I am trying to understand relation between word2vec and doc2vec vectors in Gensim's implementation. In my application, I am tagging multiple documents with same label (topic), I am training a doc2vec model on my corpus using dbow_words=1 in order to train word vectors as well. I have been able to obtain similarities between word and document vectors in this fashion which does make a lot of sense For ex. getting documents labels similar to a word- doc2vec_model.docvecs.most_similar(positive = [doc2vec_model["management"]], topn = 50))
My question however is about theoretical interpretation of computing similarity between word2vec and doc2vec vectors. Would it be safe to assume that when trained on the same corpus with same dimensionality (d = 200), word vectors and document vectors can always be compared to find similar words for a document label or similar document labels for a word.
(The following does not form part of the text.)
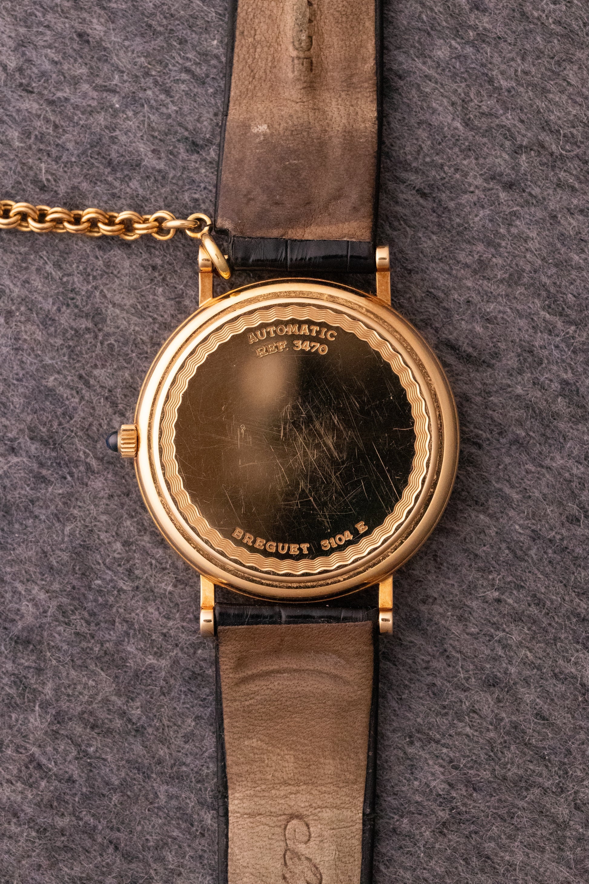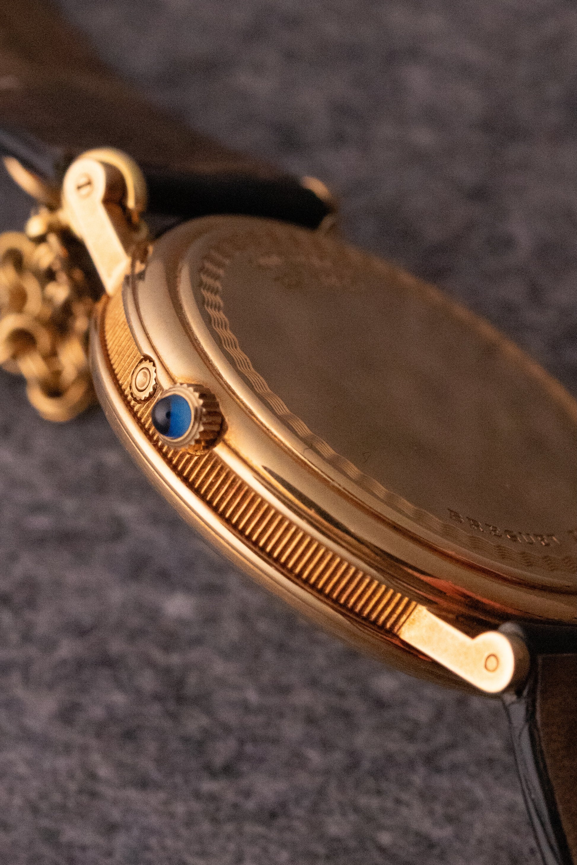 Bracelet d'origine en aligator, boucle Breguet en or jaune, chainette et pin de réglage

Any suggestion/ideas are most welcome.
Question 2: My other questions is about impact of high/low frequency of a word in final word2vec model. If wordA and wordB have similar contexts in a particular doc label(set) of documents but wordA has much higher frequency than wordB, would wordB have higher similarity score with the corresponding doc label or not. I am trying to train multiple word2vec models by sampling corpus in a temporal fashion and want to know if the hypothesis that as words get more and more frequent, assuming context relatively stays similar, similarity score with a document label would also increase. Am I wrong to make this assumption? Any suggestions/ideas are very welcome.
Thanks, Manish